The central star of the system is known as PDS70. It is about 10 million years old. That’s actually very young for a star. PDS70 is still surrounded by a large ring of gas and dust – material that can clump together into planets.

In fact, two giant planets have already formed around PDS70. They’re about as large and massive as Jupiter. The two planets (PDS70b and PDS70c) were first seen by the European Very Large Telescope (VLT). The VLT is also in northern Chile, just like ALMA.

New observations with ALMA have now revealed a concentration of small dust particles, close to the inner edge of the ring. The dust particles are about one-tenth of a millimeter across. Because of their temperature, they emit invisible radio waves that ALMA can detect.

When the ALMA astronomers compared their results with the observations of the VLT, they were happily surprised. The concentration of dust particles is at precisely the same location as the outer planet, PDS70c.

That can mean only one thing. The dust particles must orbit the young planet. So if these dust particles will also clump together in the future, we will be left with a giant planet with its own system of moons.

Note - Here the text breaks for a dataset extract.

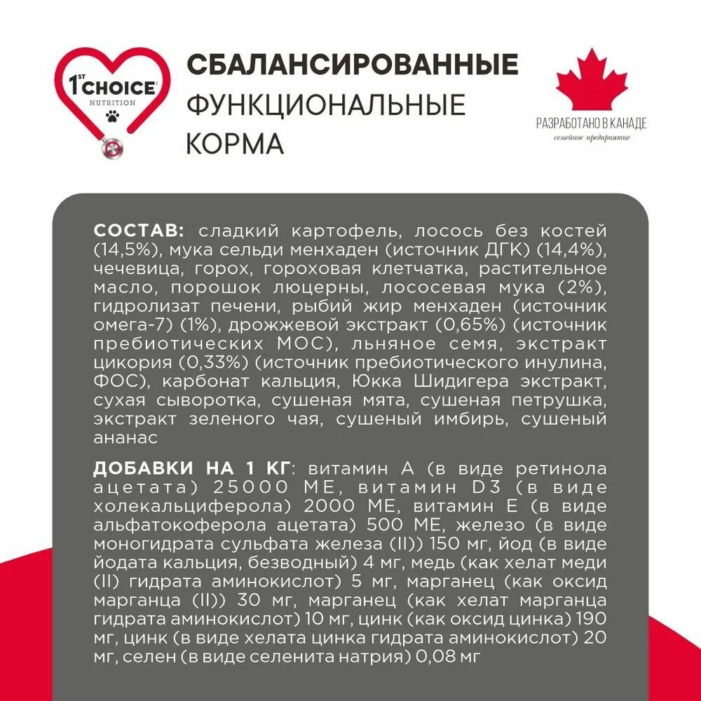 Купить 1st CHOICE GF DERMA - 340 г сухой корм с лососем для взрослых собак с гиперчувствительной кожей

Four and a half billion years ago, our solar system was as young as PDS70 is now. Back then, a similar disk of dust probably surrounded the newly born planet Jupiter. Jupiter’s four large moons were formed from that disk. So the new discovery may also help astronomers to better understand the formation of moons in our own solar system.

What was observed?

PDS70 is a young star in the southern constellation Centaurus, at a distance of some 370 light-years. It was born just 10 million years ago. The star is a bit less massive than our own sun. In 2006, astronomers discovered that the star is surrounded by a planet-forming disk of gas and dust. In 2018, a giant planet was found: PDS70b. One year later, a second planet was discovered: PDS70c. Both planets are a few times larger and more massive than Jupiter. PDS70c orbits the star at a distance of just over five billion kilometers, about the same distance as Neptune is from the sun. At this considerable distance, it takes almost 250 years to complete one orbit. ALMA has now discovered that moons are forming around this second planet.

Who observed this?

The concentration of small dust particles surrounding the planet PDS70c was discovered by a group of scientists led by Andrea Isella. Andrea is an astronomer from Rice University in Houston, Texas. In studying PDS70 he worked together with Myriam Benisty and Laura Pérez from Chile, Richard Teague and Jaehan Bae (USA), and Miriam Keppler and Stefano Facchini (Germany). The new results have been published in Astrophysical Journal Letters.